LONDON—Lawyers from some of Britain’s largest firms are flocking to register in Ireland to protect their right to practice fully in the European Union, in case the U.K. votes to leave the bloc.
U.K. lawyers enjoy certain benefits related to EU membership, such as protection from disclosing their legal advice to clients in the event of a European Commission antitrust investigation. Their right to represent clients in EU courts also would be at stake in the event of a British exit, or “Brexit.”
The possibility of losing these benefits has jolted dozens of lawyers to sign up in Ireland ahead of the referendum on Thursday.
Ken Murphy, director-general of the Law Society of Ireland, said a record 186 U.K. lawyers had registered there this year, with dozens more applications under way. “There’s been an unmistakable surge,” he said, adding that a large majority cited the risk of a Brexit as the main trigger for their registration. By comparison, 101 U.K. lawyers were admitted in 2015, and just 51 in 2014.
“Ireland is the most obvious choice for U.K. lawyers, due to the relatively simple rules for admission to the roll of solicitors that the Law Society of Ireland operates for English solicitors,” said Becket McGrath, a partner specializing in competition law at London law firm Cooley LLP. Mr. McGrath said that while he hadn’t yet sought admission to practice in Ireland, he would do so if the U.K. voted to exit the EU on Thursday.
To register in Ireland, lawyers in England, Wales and Northern Ireland must produce proof of good standing and three character references, and pay a €300 ($ 340) fee.
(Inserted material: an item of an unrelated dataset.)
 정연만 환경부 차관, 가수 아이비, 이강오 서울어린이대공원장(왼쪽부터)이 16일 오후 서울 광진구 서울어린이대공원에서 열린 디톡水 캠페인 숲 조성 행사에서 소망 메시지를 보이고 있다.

They then must pay an annual fee of €2,500 for the certificate that lets them practice in Ireland. The process is more complicated for lawyers in Scotland, due to its distinctive legal system.
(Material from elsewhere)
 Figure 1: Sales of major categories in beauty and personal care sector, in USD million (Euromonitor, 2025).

Among those registering lawyers in Ireland ahead of the referendum are some of London’s biggest law firms, including Freshfields Bruckhaus Deringer LLP, Slaughter and May, Clifford Chance LLP and Hogan Lovells International LLP. A spokeswoman for Allen & Overy LLP said a small number of lawyers there had applied for admission in Ireland, though it wasn’t a firmwide initiative.
Still, anyone hoping for an influx of top law firms into Dublin will be disappointed: Lawyers who register in Ireland don’t relinquish their right to practice in the U.K. Mr. Murphy said the majority of U.K.-based lawyers completing the process didn’t intend to set up a physical presence in Ireland.
The current arrangement between Ireland and the rest of the U.K., bar Scotland, is mutually beneficial for other reasons. When demand for legal work in Ireland declined following the 2008 financial crisis, lawyers there moved to firms in England and Wales with relative ease, Mr. Murphy said.
And while the Irish arrangement makes it straightforward for lawyers here to preserve their legal benefits in the event of a Brexit, the broader consequences of a leave vote could be more difficult to address, according to Stephen Kinsella, a member of the campaign group Lawyers-In for Britain and a partner at Sidley Austin LLP.
“Many law firms in London are only the size they are because London is a financial center,” he said, referring to the large amount of work carried out by law firms for banking and other financial clients. “Even if there’s a relatively modest downscaling [of financial services], that’s going to have a major impact.”